On 23 January 1968, Pueblo was attacked, boarded, and seized by North Korean forces while in, according to U.S. officials, international waters. As of 2016, Pueblo is still held by North Korea as a tourist attraction in Pyongyang, North Korea. She was moored on the Taedong River, near the spot that the General Sherman incident is believed to have taken place, from 1999 until 2012. In late 2012 Pueblo was moved again to the Botong River in Pyongyang next to a new addition to the Pyongyang Victorious War Museum, where the ship is currently located. The ship was renovated and made open to tourists with an accompanying video of the North Korean perspective in late July 2013. To commemorate the anniversary of the Korean War, the ship had a new layer of paint added.

Pueblo is still considered to be commissioned by the United States Navy and remains the second-oldest commissioned ship in the U.S. Navy, behind . Pueblo is one of only a few American ships to have been captured since the wars in Tripoli.

=== Palm Beach ===

Palm Beach (AGER-3) was the only ship of the United States Navy named after Palm Beach, Florida. She was laid down in 1944, as the US Army small freighter Colonel Armond Peterson (FS-217), a Design 427 coastal freighter.
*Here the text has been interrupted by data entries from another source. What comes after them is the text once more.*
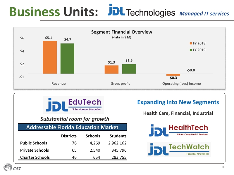 Business Units: 20 Addressable Florida Education Market Districts Schools Students Public Schools 76 4,269 2,962,162 Private Schools 65 2,540 345,796 Charter Schools 46 654 283,755 Substantial room for growth $5.1 $1.3 - $0.3 $4.7 $1.5 - $0.0 -$1 $2 $4 $6 Revenue Gross profit Operating (loss) income Segment Financial Overview (data in $ M) FY 2018 FY 2019 Managed IT services Expanding into New Segments Health Care, Financial, Industrial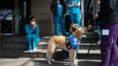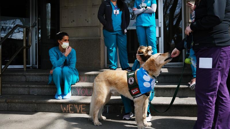 Nurses at Mount Sinai Hospital sit during a break with a therapy dog on April 07, 2020 in New York City. Hospitals in New York City, which has been especially hard hit by the coronavirus, are facing shortages of beds, ventilators and protective equipment for medical staff. Spencer Platt/Getty Images/AFP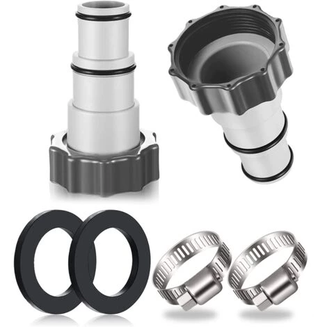 【Kit d’adaptateurs pour tuyau de piscine】 Lot de 2 adaptateurs de piscine, assez pour être utilisés ou remplacés dans votre vie quotidienne. 2 colliers de serrage et 2 coussinets en gel.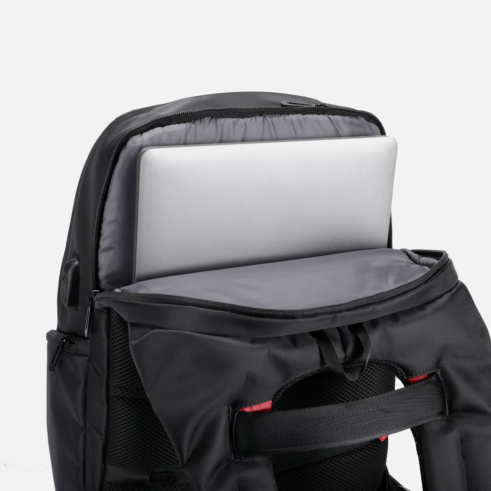 Рюкзак мужской BUGATTI Clark, чёрный, воловья кожа/полиэстер, 30х10х40 см, 12 л
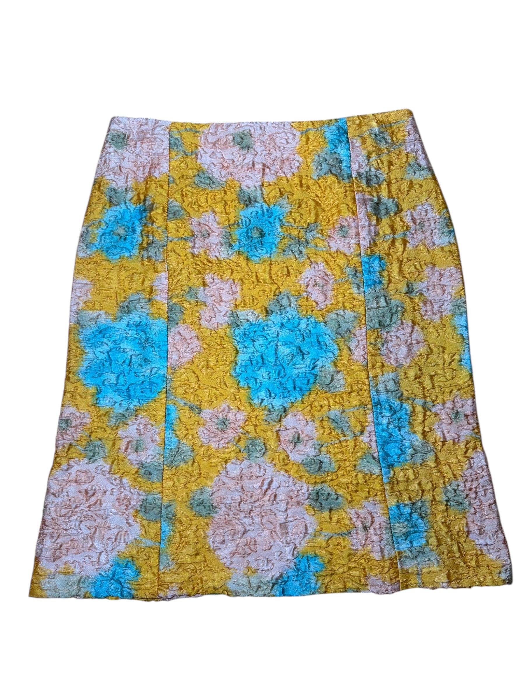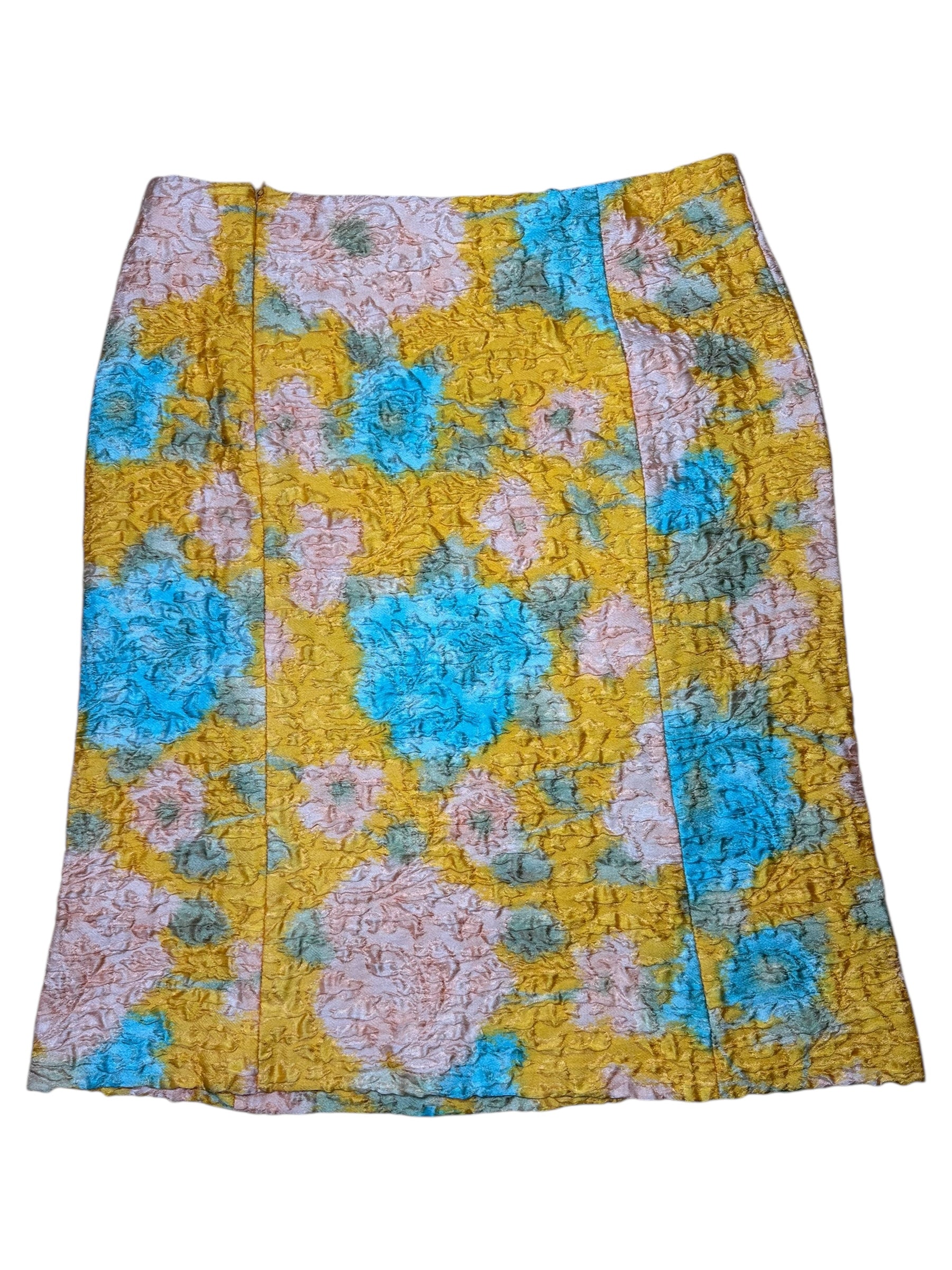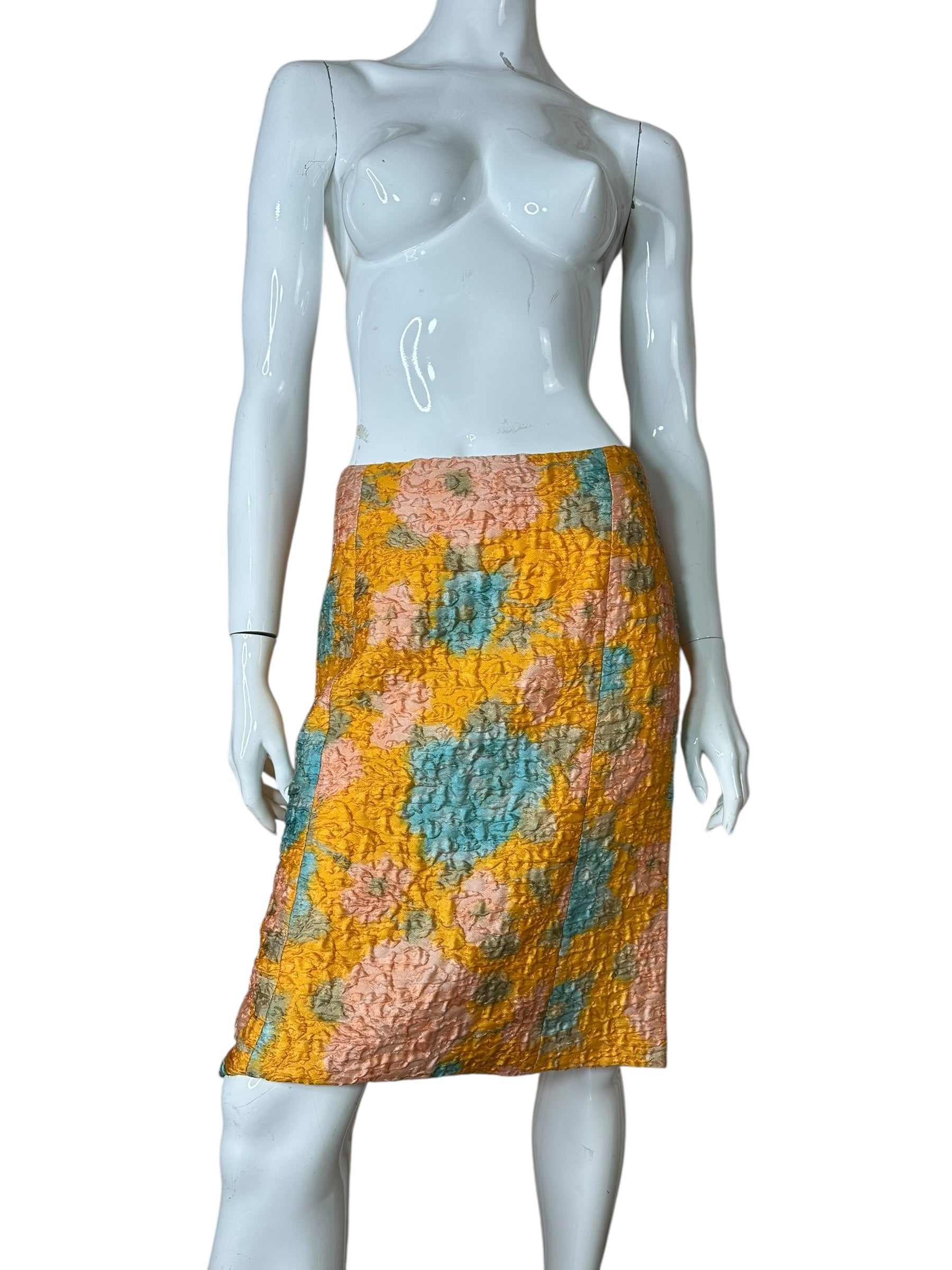 Gonna vintage Miu Miu dalla linea leggermente svasata, realizzata in un prezioso tessuto operato composto al 64% da seta e al 36% da nylon. La lavorazione tridimensionale crea un effetto stropicciato a rilievo che arricchisce la fantasia floreale nei toni pastello di giallo senape, azzurro, rosa cipria e verde salvia. Modello a vita alta con zip posteriore nascosta e cuciture verticali che slanciano la silhouette. Non è foderata, ma la consistenza del tessuto garantisce una buona coprenza.

First based in San Francisco, Colonel Armond Peterson later surveyed the coasts of Central America after being moved to Balboa, in the Panama Canal Zone. Placed in reserve on 17 February 1956, Colonel Armond Peterson was acquired by the United States Navy and converted to an environmental research ship, also being redesignated Palm Beach (AGER-3). She served for two years in that capacity, collecting intelligence in the Mediterranean Sea and the North Sea. The vessel was decommissioned in 1969, and later sold to a private owner, involved in drug smuggling and later sunk and used as a scuba diving reef.